### Given information:
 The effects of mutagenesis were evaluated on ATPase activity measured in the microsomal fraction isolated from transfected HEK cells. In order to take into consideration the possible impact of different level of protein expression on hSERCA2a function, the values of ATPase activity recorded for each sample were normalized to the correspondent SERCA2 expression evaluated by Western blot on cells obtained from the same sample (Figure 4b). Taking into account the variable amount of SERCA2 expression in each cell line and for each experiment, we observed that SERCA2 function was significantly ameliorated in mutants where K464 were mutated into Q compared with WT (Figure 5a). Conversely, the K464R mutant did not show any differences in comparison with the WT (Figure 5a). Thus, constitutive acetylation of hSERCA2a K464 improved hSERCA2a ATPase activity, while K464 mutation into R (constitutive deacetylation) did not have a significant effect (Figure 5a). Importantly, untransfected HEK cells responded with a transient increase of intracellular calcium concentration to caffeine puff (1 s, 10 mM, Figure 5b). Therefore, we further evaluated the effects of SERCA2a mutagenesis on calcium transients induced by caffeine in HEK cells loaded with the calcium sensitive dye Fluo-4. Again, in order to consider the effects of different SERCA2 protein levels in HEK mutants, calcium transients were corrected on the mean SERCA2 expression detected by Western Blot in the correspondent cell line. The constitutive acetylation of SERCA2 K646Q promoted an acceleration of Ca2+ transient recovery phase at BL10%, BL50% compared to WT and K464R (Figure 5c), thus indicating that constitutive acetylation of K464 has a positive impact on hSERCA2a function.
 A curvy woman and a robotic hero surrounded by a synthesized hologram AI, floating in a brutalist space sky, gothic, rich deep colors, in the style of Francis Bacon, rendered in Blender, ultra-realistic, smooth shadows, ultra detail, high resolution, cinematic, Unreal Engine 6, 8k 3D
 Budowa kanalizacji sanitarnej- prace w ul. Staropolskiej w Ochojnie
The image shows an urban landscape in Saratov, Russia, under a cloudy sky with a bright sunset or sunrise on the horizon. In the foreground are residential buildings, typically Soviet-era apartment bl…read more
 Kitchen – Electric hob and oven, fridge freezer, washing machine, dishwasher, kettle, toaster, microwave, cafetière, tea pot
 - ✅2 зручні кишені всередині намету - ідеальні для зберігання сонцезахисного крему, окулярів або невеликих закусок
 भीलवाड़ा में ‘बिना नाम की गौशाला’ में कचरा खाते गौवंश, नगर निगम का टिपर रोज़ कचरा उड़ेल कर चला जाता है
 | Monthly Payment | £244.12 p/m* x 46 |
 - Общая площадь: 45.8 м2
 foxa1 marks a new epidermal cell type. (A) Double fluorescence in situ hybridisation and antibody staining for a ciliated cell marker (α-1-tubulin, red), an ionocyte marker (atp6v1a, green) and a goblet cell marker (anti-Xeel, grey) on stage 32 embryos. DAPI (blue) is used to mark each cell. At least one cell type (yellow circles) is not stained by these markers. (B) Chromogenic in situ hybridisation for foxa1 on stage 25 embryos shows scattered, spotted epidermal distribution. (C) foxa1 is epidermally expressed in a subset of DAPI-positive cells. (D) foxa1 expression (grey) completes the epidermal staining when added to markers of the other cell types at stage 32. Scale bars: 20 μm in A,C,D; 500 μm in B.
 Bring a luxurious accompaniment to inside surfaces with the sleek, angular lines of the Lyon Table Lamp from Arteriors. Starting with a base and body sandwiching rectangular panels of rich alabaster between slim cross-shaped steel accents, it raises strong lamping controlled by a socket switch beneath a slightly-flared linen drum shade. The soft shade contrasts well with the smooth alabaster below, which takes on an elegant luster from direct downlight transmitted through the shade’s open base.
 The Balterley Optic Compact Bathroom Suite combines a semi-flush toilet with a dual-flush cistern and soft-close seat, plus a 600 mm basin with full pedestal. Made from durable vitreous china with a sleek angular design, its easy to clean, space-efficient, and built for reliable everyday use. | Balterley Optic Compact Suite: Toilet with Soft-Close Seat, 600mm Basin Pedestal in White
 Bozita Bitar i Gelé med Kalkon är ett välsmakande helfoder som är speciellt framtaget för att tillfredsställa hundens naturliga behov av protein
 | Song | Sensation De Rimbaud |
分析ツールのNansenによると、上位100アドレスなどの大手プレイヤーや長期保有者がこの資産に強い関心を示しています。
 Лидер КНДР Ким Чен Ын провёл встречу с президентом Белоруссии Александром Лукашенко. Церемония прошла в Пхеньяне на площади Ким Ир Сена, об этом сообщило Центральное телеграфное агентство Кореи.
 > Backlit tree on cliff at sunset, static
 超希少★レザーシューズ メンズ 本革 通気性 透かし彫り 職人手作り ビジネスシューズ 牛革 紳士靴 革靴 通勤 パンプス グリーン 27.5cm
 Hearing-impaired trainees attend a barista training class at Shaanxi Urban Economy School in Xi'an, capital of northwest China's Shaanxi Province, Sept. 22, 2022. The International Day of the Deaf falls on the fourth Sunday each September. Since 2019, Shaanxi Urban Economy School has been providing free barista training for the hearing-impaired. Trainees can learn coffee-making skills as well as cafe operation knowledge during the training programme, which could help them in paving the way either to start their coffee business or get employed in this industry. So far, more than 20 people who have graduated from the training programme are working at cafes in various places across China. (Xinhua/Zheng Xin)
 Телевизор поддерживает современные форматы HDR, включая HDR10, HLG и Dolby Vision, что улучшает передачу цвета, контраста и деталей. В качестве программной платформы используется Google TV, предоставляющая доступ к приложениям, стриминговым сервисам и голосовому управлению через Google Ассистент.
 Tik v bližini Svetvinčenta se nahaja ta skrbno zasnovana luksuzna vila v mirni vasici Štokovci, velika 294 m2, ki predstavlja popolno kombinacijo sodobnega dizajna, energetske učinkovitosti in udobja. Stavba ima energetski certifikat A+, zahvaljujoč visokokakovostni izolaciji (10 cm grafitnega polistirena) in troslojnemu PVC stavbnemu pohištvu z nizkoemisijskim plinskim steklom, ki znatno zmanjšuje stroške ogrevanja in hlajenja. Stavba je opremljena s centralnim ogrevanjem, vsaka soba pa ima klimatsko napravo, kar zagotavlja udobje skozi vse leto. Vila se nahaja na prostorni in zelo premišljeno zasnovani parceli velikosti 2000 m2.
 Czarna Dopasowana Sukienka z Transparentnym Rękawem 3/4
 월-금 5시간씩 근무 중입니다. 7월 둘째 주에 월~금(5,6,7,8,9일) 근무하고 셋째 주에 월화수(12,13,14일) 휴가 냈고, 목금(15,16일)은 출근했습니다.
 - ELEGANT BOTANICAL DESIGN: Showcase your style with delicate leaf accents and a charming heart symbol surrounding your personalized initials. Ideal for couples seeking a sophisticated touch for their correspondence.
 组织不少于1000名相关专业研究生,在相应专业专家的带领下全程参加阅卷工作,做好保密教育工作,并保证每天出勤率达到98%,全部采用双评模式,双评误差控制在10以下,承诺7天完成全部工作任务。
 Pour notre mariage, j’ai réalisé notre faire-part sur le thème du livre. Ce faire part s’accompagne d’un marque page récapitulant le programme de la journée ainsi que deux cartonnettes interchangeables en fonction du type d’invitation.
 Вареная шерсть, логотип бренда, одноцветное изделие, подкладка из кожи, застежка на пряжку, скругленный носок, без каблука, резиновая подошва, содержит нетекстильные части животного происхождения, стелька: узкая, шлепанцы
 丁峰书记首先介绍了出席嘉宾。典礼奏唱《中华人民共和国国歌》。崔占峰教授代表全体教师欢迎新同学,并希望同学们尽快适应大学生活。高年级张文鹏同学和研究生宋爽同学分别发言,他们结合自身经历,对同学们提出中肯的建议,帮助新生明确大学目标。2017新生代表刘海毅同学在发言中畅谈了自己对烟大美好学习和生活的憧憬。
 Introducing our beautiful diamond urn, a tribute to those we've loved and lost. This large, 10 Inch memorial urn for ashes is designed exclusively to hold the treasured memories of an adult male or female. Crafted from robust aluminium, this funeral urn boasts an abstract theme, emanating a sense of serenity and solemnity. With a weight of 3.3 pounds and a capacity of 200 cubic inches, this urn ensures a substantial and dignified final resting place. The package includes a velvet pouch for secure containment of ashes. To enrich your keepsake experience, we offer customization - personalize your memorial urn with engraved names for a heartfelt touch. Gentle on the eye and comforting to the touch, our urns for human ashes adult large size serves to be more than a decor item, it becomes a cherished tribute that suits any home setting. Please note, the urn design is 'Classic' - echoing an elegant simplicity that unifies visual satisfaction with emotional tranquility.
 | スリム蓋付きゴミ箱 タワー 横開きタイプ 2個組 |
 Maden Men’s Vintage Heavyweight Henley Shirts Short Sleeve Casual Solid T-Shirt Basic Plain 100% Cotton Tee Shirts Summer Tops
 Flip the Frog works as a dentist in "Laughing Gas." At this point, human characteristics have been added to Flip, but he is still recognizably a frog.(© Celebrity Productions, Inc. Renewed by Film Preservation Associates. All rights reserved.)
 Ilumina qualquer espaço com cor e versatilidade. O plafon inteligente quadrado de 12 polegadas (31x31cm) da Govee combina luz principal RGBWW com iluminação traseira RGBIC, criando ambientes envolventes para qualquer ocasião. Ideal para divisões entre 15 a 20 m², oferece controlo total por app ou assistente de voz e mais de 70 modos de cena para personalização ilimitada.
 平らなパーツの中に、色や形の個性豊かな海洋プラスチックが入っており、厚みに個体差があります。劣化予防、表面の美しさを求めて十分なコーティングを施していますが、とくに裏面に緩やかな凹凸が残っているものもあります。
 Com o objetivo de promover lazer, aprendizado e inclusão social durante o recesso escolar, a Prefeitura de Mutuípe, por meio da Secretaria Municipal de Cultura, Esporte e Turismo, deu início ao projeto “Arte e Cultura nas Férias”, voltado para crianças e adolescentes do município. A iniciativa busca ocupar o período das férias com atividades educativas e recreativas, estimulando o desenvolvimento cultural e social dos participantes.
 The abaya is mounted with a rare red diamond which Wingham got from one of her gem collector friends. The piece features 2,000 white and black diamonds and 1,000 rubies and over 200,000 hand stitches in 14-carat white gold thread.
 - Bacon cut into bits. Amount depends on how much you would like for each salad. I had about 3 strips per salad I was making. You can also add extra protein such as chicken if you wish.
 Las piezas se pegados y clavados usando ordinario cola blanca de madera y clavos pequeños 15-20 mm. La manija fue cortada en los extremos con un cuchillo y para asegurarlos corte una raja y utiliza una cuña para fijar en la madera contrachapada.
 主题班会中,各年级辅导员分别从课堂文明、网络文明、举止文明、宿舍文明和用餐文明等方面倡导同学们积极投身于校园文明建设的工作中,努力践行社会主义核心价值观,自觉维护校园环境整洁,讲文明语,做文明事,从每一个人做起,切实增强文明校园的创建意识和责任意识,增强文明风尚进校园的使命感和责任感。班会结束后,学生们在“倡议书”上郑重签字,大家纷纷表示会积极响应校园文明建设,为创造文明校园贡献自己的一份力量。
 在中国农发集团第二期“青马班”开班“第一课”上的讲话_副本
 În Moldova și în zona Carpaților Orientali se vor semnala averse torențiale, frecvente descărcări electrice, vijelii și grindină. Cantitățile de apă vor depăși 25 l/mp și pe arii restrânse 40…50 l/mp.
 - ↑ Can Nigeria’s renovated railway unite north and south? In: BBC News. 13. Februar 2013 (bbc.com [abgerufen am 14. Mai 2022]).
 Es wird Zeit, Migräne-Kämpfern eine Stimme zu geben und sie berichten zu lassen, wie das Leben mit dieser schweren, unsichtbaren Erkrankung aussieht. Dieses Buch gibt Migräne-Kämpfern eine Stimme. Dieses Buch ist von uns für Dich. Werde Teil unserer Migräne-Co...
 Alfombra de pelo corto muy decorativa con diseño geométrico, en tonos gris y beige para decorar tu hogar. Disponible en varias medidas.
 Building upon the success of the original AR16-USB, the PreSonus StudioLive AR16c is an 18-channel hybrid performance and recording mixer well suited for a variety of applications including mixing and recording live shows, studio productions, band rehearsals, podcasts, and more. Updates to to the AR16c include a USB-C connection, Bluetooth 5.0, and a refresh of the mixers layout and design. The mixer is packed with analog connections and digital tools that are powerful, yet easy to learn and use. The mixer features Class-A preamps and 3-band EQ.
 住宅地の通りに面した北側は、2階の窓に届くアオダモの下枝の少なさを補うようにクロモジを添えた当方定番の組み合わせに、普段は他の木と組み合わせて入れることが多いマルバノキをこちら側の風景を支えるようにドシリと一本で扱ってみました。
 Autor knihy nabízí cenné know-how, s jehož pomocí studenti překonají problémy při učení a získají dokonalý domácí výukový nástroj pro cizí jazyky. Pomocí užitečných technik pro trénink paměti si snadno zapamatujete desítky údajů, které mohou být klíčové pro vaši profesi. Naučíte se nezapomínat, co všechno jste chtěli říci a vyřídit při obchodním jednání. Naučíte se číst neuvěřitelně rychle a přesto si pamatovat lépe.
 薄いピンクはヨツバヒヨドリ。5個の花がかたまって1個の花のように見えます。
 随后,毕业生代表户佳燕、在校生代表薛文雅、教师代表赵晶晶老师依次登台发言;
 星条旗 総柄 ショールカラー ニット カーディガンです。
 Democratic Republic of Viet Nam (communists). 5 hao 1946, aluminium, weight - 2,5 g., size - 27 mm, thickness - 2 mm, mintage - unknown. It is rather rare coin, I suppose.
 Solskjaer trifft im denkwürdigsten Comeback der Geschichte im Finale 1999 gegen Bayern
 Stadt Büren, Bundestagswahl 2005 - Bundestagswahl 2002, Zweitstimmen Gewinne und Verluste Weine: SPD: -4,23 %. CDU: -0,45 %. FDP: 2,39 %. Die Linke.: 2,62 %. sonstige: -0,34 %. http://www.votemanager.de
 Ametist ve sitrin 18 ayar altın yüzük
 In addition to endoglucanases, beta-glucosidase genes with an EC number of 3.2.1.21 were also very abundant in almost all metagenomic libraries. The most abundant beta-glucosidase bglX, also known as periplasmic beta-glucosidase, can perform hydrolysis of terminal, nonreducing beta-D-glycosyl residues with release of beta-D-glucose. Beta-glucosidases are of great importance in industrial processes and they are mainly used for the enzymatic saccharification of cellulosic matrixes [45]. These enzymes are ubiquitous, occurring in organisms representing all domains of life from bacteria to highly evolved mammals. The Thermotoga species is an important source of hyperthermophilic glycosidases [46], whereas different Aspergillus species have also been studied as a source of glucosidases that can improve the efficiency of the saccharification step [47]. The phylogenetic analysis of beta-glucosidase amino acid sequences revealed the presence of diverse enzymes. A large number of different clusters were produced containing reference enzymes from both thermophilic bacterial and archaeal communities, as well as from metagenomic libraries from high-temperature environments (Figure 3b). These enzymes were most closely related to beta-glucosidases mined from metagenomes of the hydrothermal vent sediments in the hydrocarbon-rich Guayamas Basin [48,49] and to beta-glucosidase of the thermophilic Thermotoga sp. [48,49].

### Problem statement:
Pull every line containing the word "para" out of the entries above.

### Solution below:
 Ilumina qualquer espaço com cor e versatilidade. O plafon inteligente quadrado de 12 polegadas (31x31cm) da Govee combina luz principal RGBWW com iluminação traseira RGBIC, criando ambientes envolventes para qualquer ocasião. Ideal para divisões entre 15 a 20 m², oferece controlo total por app ou assistente de voz e mais de 70 modos de cena para personalização ilimitada.
 Com o objetivo de promover lazer, aprendizado e inclusão social durante o recesso escolar, a Prefeitura de Mutuípe, por meio da Secretaria Municipal de Cultura, Esporte e Turismo, deu início ao projeto “Arte e Cultura nas Férias”, voltado para crianças e adolescentes do município. A iniciativa busca ocupar o período das férias com atividades educativas e recreativas, estimulando o desenvolvimento cultural e social dos participantes.
 Las piezas se pegados y clavados usando ordinario cola blanca de madera y clavos pequeños 15-20 mm. La manija fue cortada en los extremos con un cuchillo y para asegurarlos corte una raja y utiliza una cuña para fijar en la madera contrachapada.
 Alfombra de pelo corto muy decorativa con diseño geométrico, en tonos gris y beige para decorar tu hogar. Disponible en varias medidas.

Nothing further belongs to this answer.